**** SUPPLIED INFORMATION ****
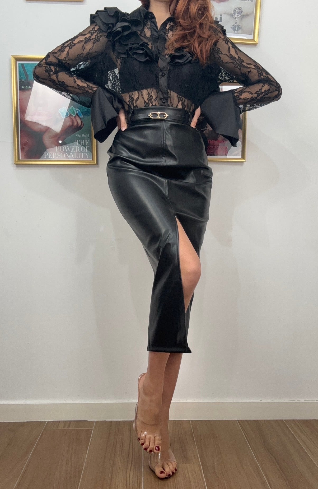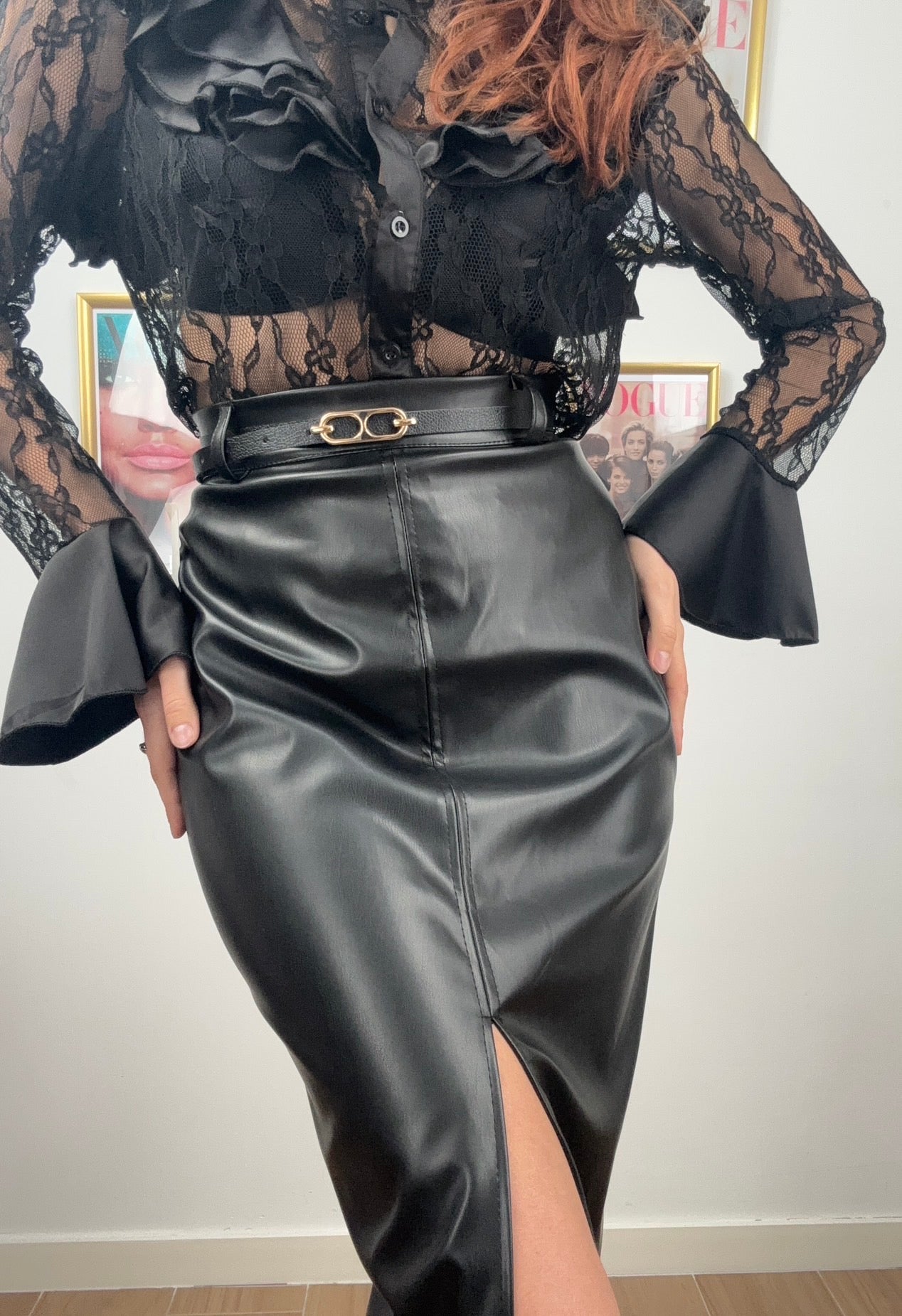 Longuette elegante in similpelle che cattura lo stile parigino con un tocco sofisticato. La cinturina integrata definisce la silhouette, creando una linea affusolata che valorizza la figura. Perfetta per occasioni speciali o per elevare il tuo look quotidiano, questa gonna midi combina versatilità e fascino senza tempo. Disponibile nelle taglie S e M per un fit impeccabile.
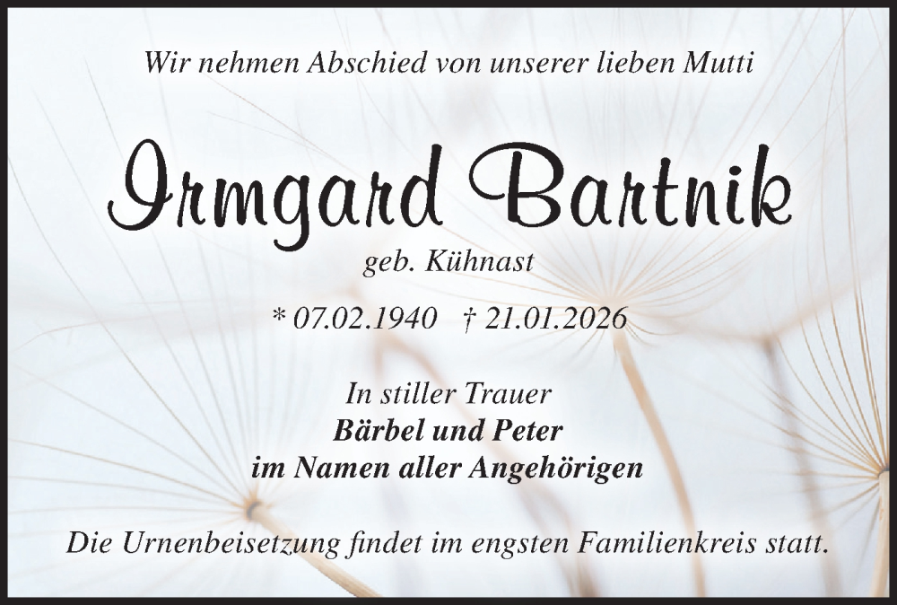 Hier finden Sie alle Traueranzeigen aus der Zeitung, die bisher für Irmgard Bartnik erschienen sind. Weitere Traueranzeigen, die in der Zeitung erscheinen, werden hier ebenfalls aufgelistet
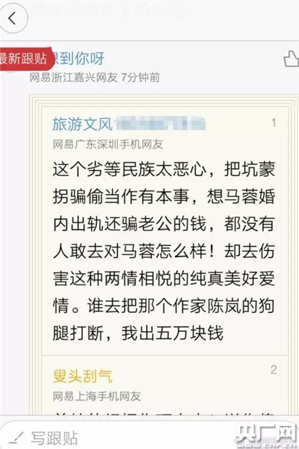 14日,陈岚在接受央广网记者专访时表示很无奈,有网友跟帖扬言称,“出钱5万,打断陈岚的腿。”也有人更是出言不逊,对其进行人身侮辱,言语不堪入耳。
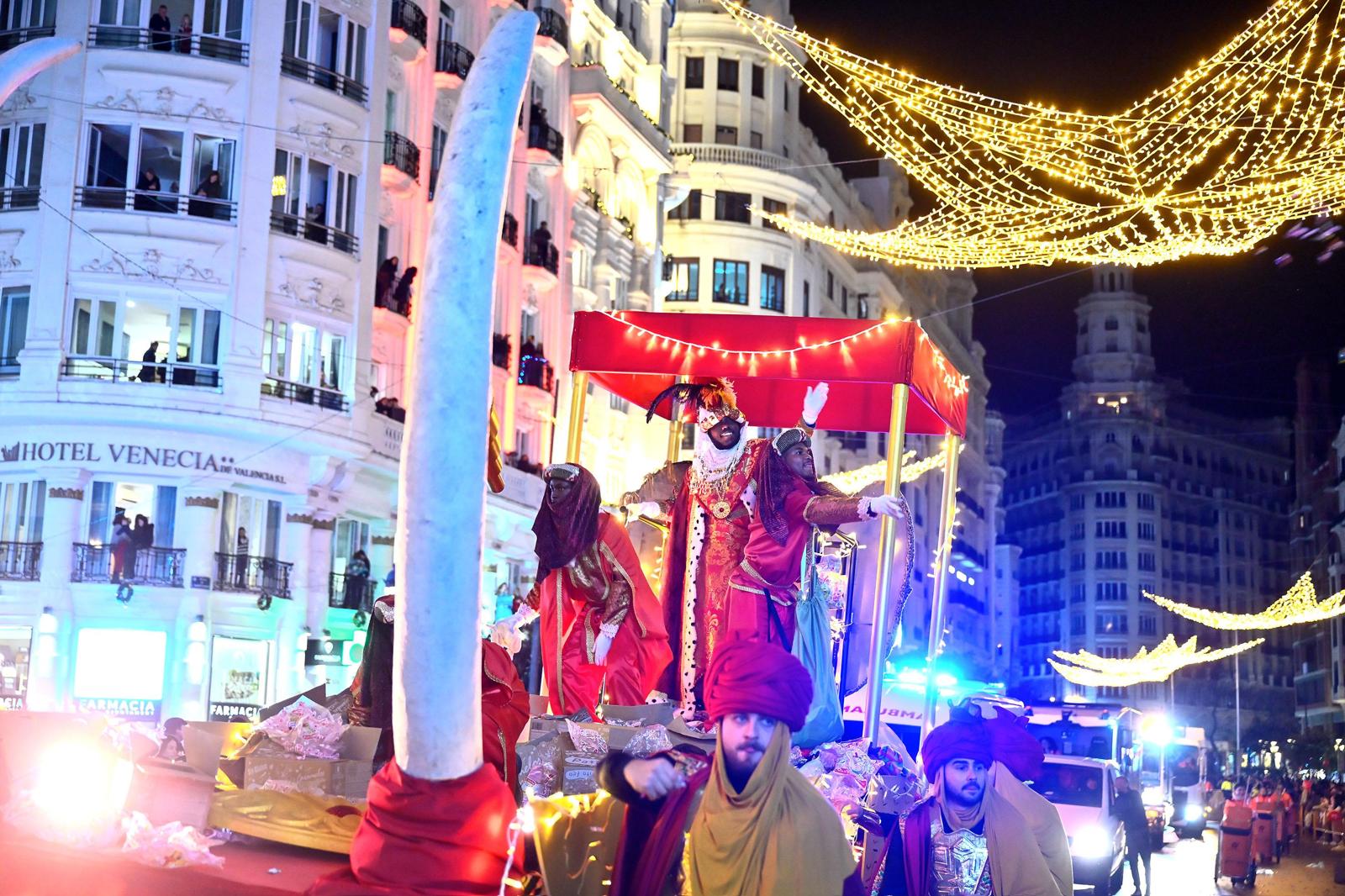 Durante el desfile, los personajes bíblicos han repartido caramelos al público ante el paso de entidades como la Asociación de Comerciantes del Centro Histórico, À Punt, la EMT, Bioparc con música africana, el Valencia CF o el Levante UD regalando pelotas a los niños, así como de patrocinadores. También han desfilado la Policía Local, la Policía Nacional o los Bomberos.
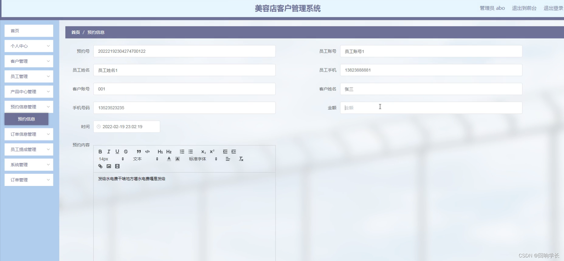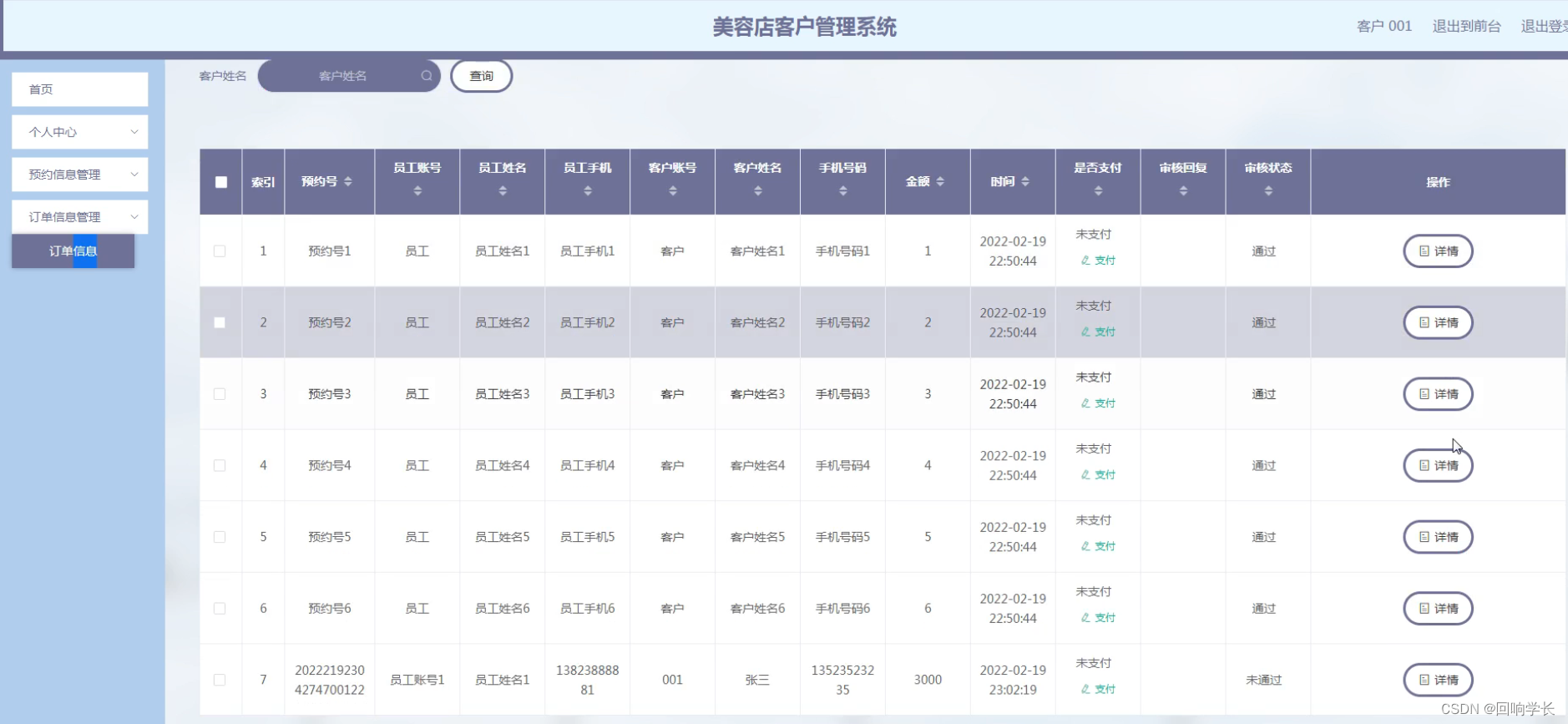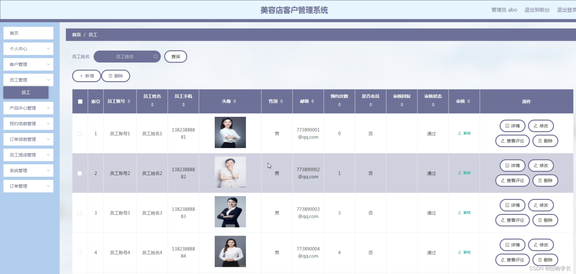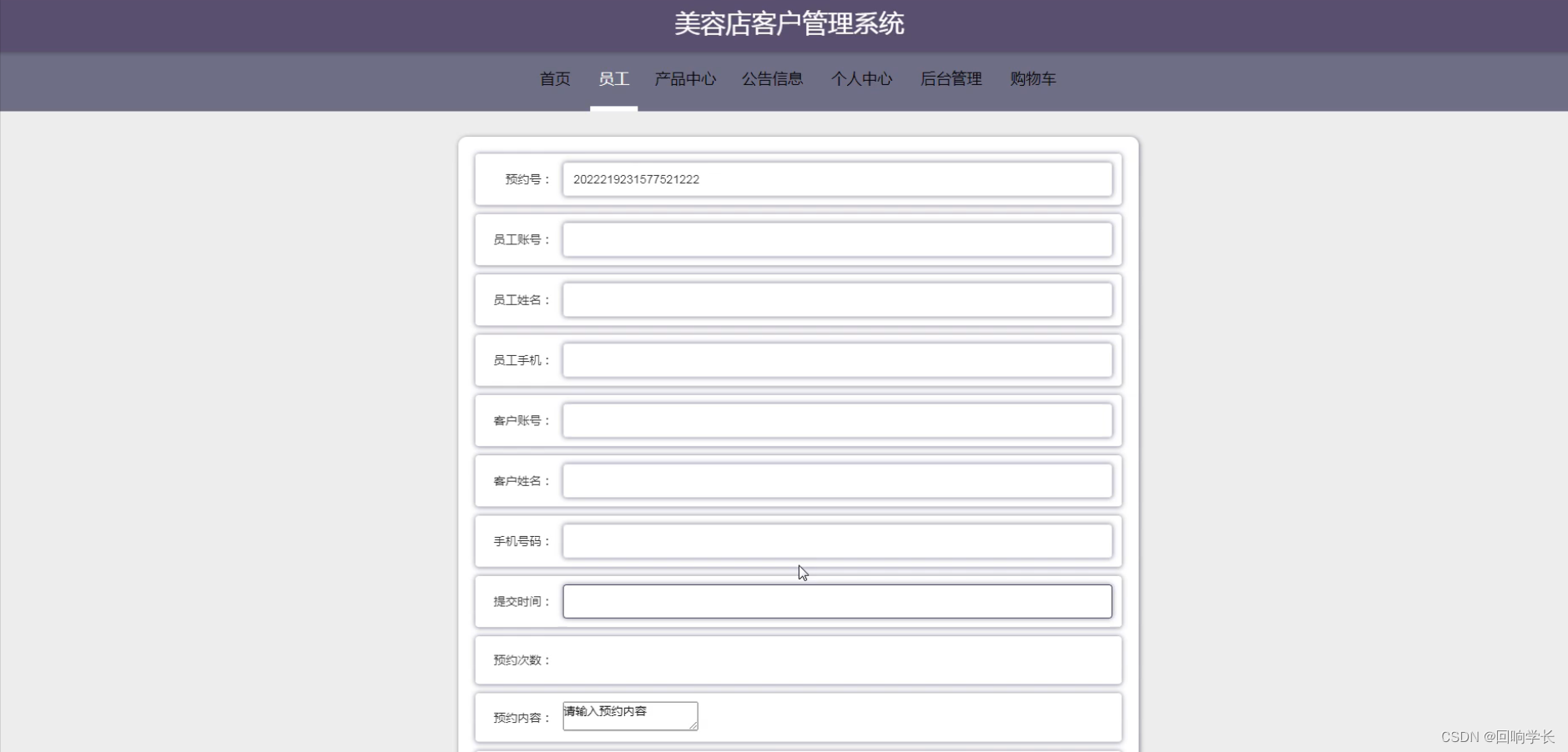 Springboot毕设项目美容店客户管理系统7go98(java+VUE+Mybatis+Maven+Mysql)
****
WHAT YOU HAVE TO DO: When repeating the entries, leave out every picture and keep the rest exact.

EXERCISE OUTPUT:
 Longuette elegante in similpelle che cattura lo stile parigino con un tocco sofisticato. La cinturina integrata definisce la silhouette, creando una linea affusolata che valorizza la figura. Perfetta per occasioni speciali o per elevare il tuo look quotidiano, questa gonna midi combina versatilità e fascino senza tempo. Disponibile nelle taglie S e M per un fit impeccabile.
 Hier finden Sie alle Traueranzeigen aus der Zeitung, die bisher für Irmgard Bartnik erschienen sind. Weitere Traueranzeigen, die in der Zeitung erscheinen, werden hier ebenfalls aufgelistet
 14日,陈岚在接受央广网记者专访时表示很无奈,有网友跟帖扬言称,“出钱5万,打断陈岚的腿。”也有人更是出言不逊,对其进行人身侮辱,言语不堪入耳。
 Durante el desfile, los personajes bíblicos han repartido caramelos al público ante el paso de entidades como la Asociación de Comerciantes del Centro Histórico, À Punt, la EMT, Bioparc con música africana, el Valencia CF o el Levante UD regalando pelotas a los niños, así como de patrocinadores. También han desfilado la Policía Local, la Policía Nacional o los Bomberos.
 Springboot毕设项目美容店客户管理系统7go98(java+VUE+Mybatis+Maven+Mysql)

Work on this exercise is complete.